Adobe Flash Player 10 1 85 3
Artists may produce Flash graphics and animations using Adobe Animate (formerly known as Adobe Flash Professional). Software developers may produce applications and video games using Adobe Flash Builder, FlashDevelop, Flash Catalyst, or any text editor combined with the Apache Flex SDK. End users view Flash content via Flash Player (for web browsers), Adobe AIR (for desktop or mobile apps), or third-party players such as Scaleform (for video games). Adobe Flash Player (which is available on Microsoft Windows, macOS, and Linux) enables end users to view Flash content using web browsers. Adobe Flash Lite enabled viewing Flash content on older smartphones, but since has been discontinued and superseded by Adobe AIR.
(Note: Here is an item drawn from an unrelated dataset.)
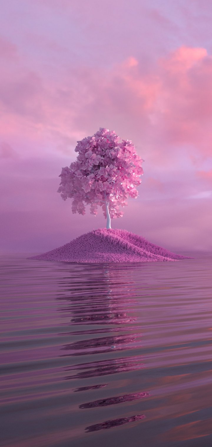 Обои: дерево, розовый - 720x1520

The ActionScript programming language allows the development of interactive animations, video games, web applications, desktop applications, and mobile applications. Programmers can implement Flash software using an IDE such as Adobe Animate, Adobe Flash Builder, Adobe Director, FlashDevelop, and Powerflasher FDT. Adobe AIR enables full-featured desktop and mobile applications to be developed with Flash and published for Windows, macOS, Android, iOS, Xbox One, PlayStation 4, Wii U, and Nintendo Switch.
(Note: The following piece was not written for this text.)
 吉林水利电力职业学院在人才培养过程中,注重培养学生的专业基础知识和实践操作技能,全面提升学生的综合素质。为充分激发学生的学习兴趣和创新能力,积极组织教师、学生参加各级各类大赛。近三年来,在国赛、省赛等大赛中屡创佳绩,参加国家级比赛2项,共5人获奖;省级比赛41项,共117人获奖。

In 2007, YouTube offered videos in HTML5 format to support the iPhone and iPad, which did not support Flash Player. After a controversy with Apple, Adobe stopped developing Flash Player for Mobile, focusing its efforts on Adobe AIR applications and HTML5 animation. In 2015, Google introduced Google Swiffy, a tool that converted Flash animation to HTML5, which Google used to automatically convert Flash web ads for mobile devices. In 2016, Google discontinued Swiffy and its support. In 2015, YouTube switched to HTML5 technology on most devices by default; however, YouTube supported the Flash-based video player for older web browsers and devices until 2017.
Developers could create Flash web applications and rich web applications in ActionScript 3.0 programming language with IDEs, including Adobe Flash Builder, FlashDevelop and Powerflasher FDT. Flex applications were typically built using Flex frameworks such as PureMVC.
In November 1996, FutureSplash was acquired by Macromedia, and Macromedia re-branded and released FutureSplash Animator as Macromedia Flash 1.0. Flash was a two-part system, a graphics and animation editor known as Macromedia Flash, and a player known as Macromedia Flash Player.
Macromedia upgraded the Flash system between 1996 and 1999 adding MovieClips, Actions (the precursor to ActionScript), Alpha transparency, and other features. As Flash matured, Macromedia's focus shifted from marketing it as a graphics and media tool to promoting it as a Web application platform, adding scripting and data access capabilities to the player while attempting to retain its small footprint.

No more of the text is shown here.